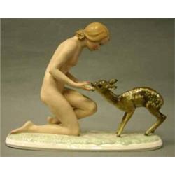 FIGURIN, NAKEN FLICKA MATANDE RÅDJURSKID, HUTSCHENREUTER, SIGN. C.WERDER, H25, L33
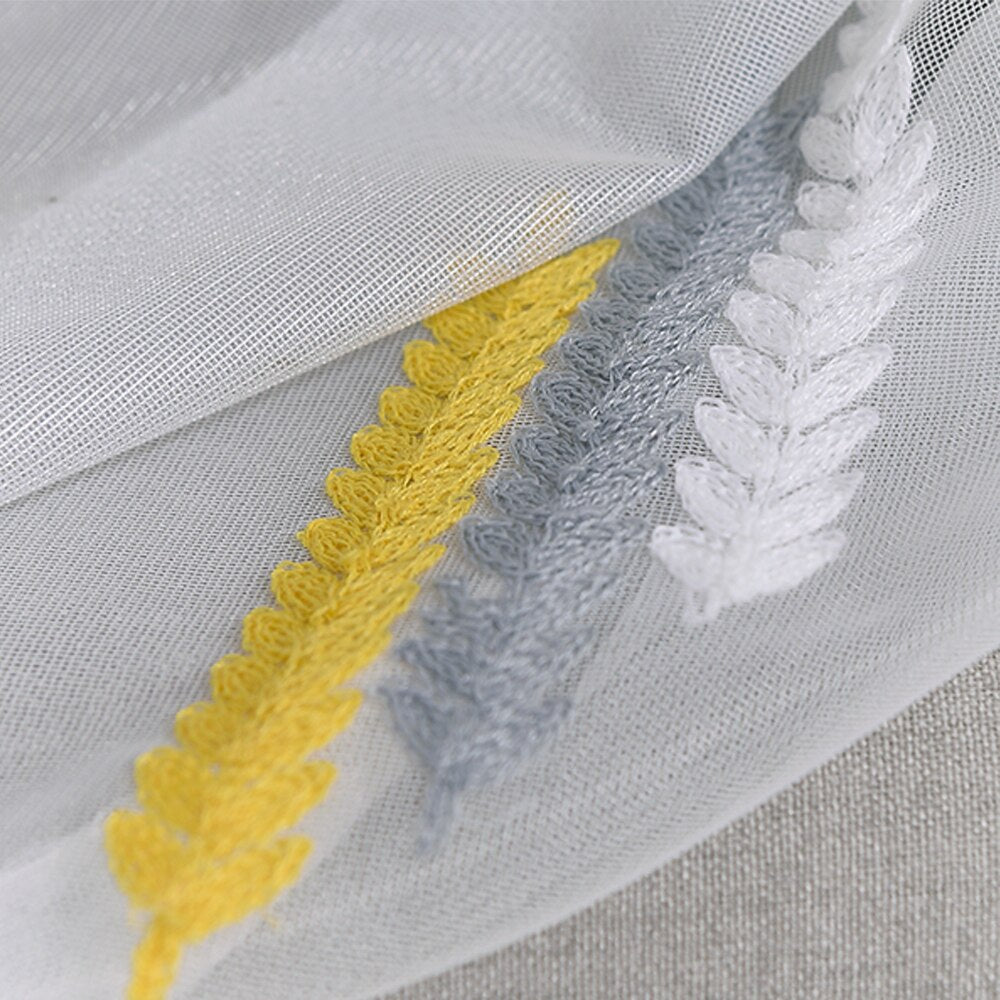 - Moderni geometrinen kuvio: Tyylikkäät keltaiset ja harmaat kirjaillut pystyraidat antavat verholle persoonallisen ilmeen.
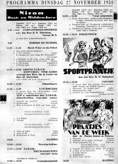 Zo werd dan in 1928 in Amsterdam de “NIROM” opgericht. NIROM staat natuurlijk voor “Nederlands Indische Radio Omroep Maatschappij”. Met uitzenden werd pas in september 1934 begonnen, omdat de voorwaarde was gesteld dat de uitzendingen binnen één jaar na het begin op heel Java en binnen drie jaar in de gehele archipel te ontvangen zouden zijn. Dit vereiste een gedegen voorbereiding en de opbouw van een netwerk van zenders.
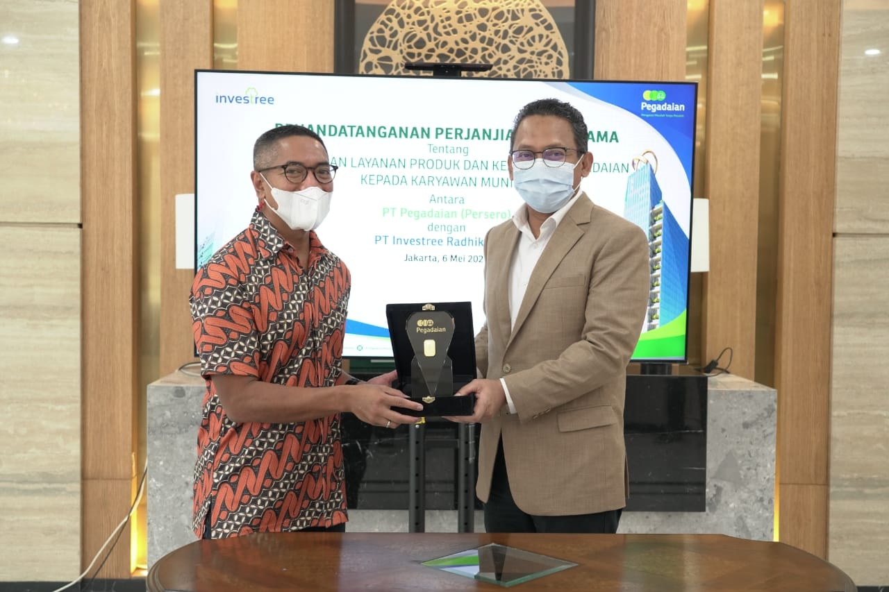 PT Pegadaian Persero jalin kerja sama dengan PT Investree Radhika Jaya dalam penyediaan layanan produk dan pemberdayaan karyawan sebagai agen Pegadaian, yang ditandai dengan penandatanganan Perjanjian Kerja Sama (PKS) antara Direktur Jaringan Operasi dan Penjualan PT Pegadaian (Persero), Damar Latri Setiawan dengan CEO PT Investree Radhika Jaya, Adrian A. Gunadi, di Kantor Pusat Pegadaian, Kamis (6/5).

WHAT TO PRODUCE> From the line holding "Zo werd dan" to the last line of the listing, please output each line exactly as it stands. Pictures stay out of the copy.

PROBLEM SOLUTION>
 Zo werd dan in 1928 in Amsterdam de “NIROM” opgericht. NIROM staat natuurlijk voor “Nederlands Indische Radio Omroep Maatschappij”. Met uitzenden werd pas in september 1934 begonnen, omdat de voorwaarde was gesteld dat de uitzendingen binnen één jaar na het begin op heel Java en binnen drie jaar in de gehele archipel te ontvangen zouden zijn. Dit vereiste een gedegen voorbereiding en de opbouw van een netwerk van zenders.
 PT Pegadaian Persero jalin kerja sama dengan PT Investree Radhika Jaya dalam penyediaan layanan produk dan pemberdayaan karyawan sebagai agen Pegadaian, yang ditandai dengan penandatanganan Perjanjian Kerja Sama (PKS) antara Direktur Jaringan Operasi dan Penjualan PT Pegadaian (Persero), Damar Latri Setiawan dengan CEO PT Investree Radhika Jaya, Adrian A. Gunadi, di Kantor Pusat Pegadaian, Kamis (6/5).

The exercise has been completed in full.